## Activity
Leaving out all pictures, give again each line exactly, from the start of the listing through the line that contains "SONYブースにあった展示で".

## Supplied material
+ + + +

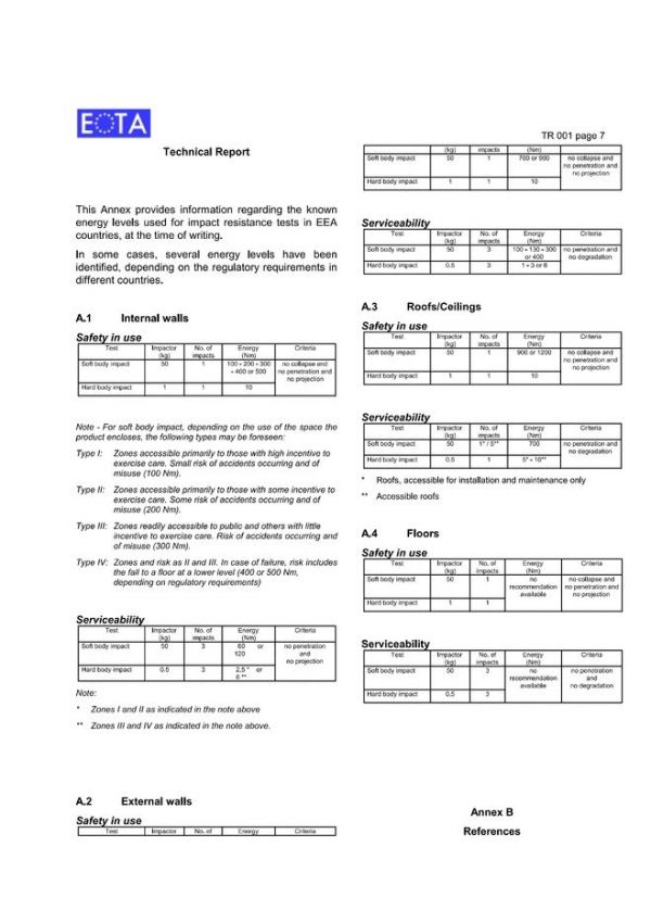 ▲EOTA对于刚性冲击测试的说明及测试建议
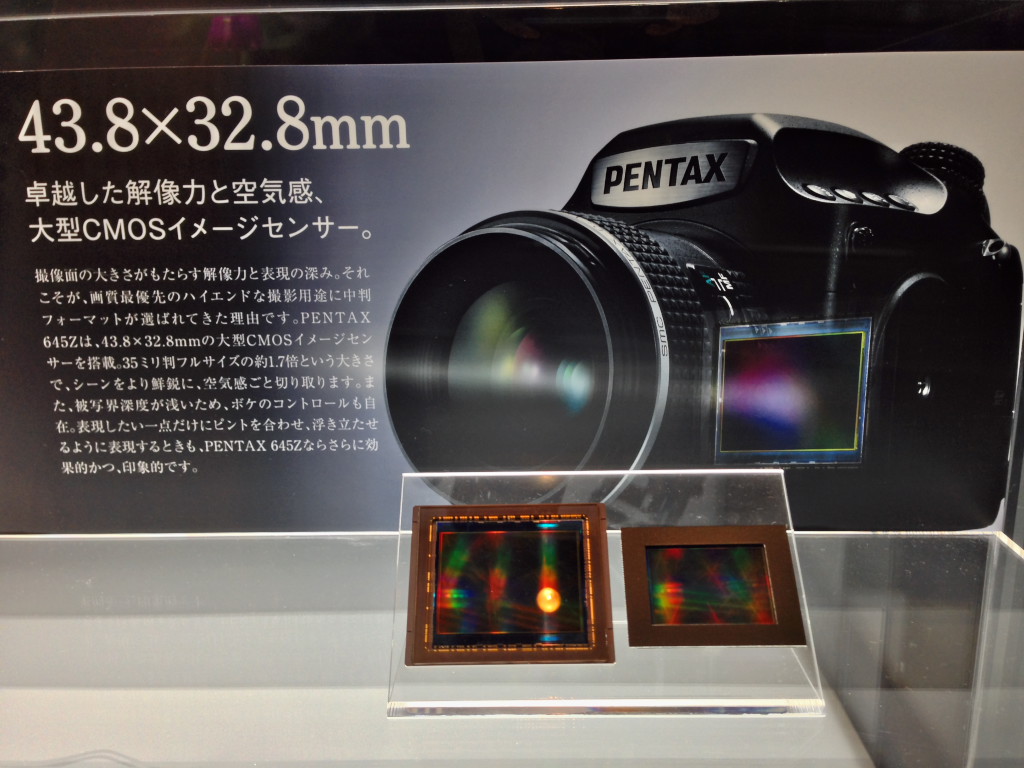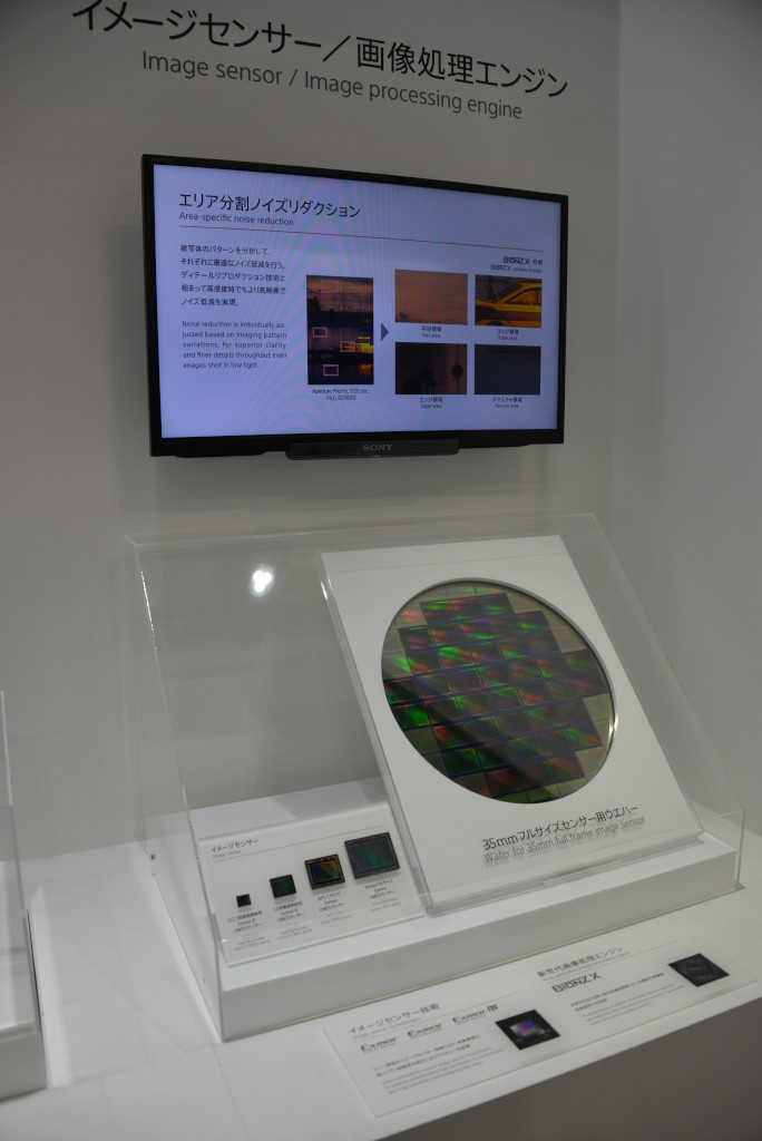 SONYブースにあった展示です。フルサイズは300mmウェハー(たぶん)からこれしか取れないのか・・・ さすが”半導体の非常識”だけあって、高くても仕方ないですね。
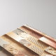 En fantastisk digital arkitekturkonst med en serie vertikala kolonner dekorerade med olika geometriska mönster. Designen visar en rytmisk blandning av sicksack, cirklar, linjer och stamrelaterade motiv i en varm palett av terrakotta, sand och skiffergrå. Denna högtexturerade 3D-reliefkonst är perfekt för att tillföra djup och en sofistikerad, modern-etnisk känsla till samtida interiörer.

+ + + +

## Solution to this problem
 ▲EOTA对于刚性冲击测试的说明及测试建议
 SONYブースにあった展示です。フルサイズは300mmウェハー(たぶん)からこれしか取れないのか・・・ さすが”半導体の非常識”だけあって、高くても仕方ないですね。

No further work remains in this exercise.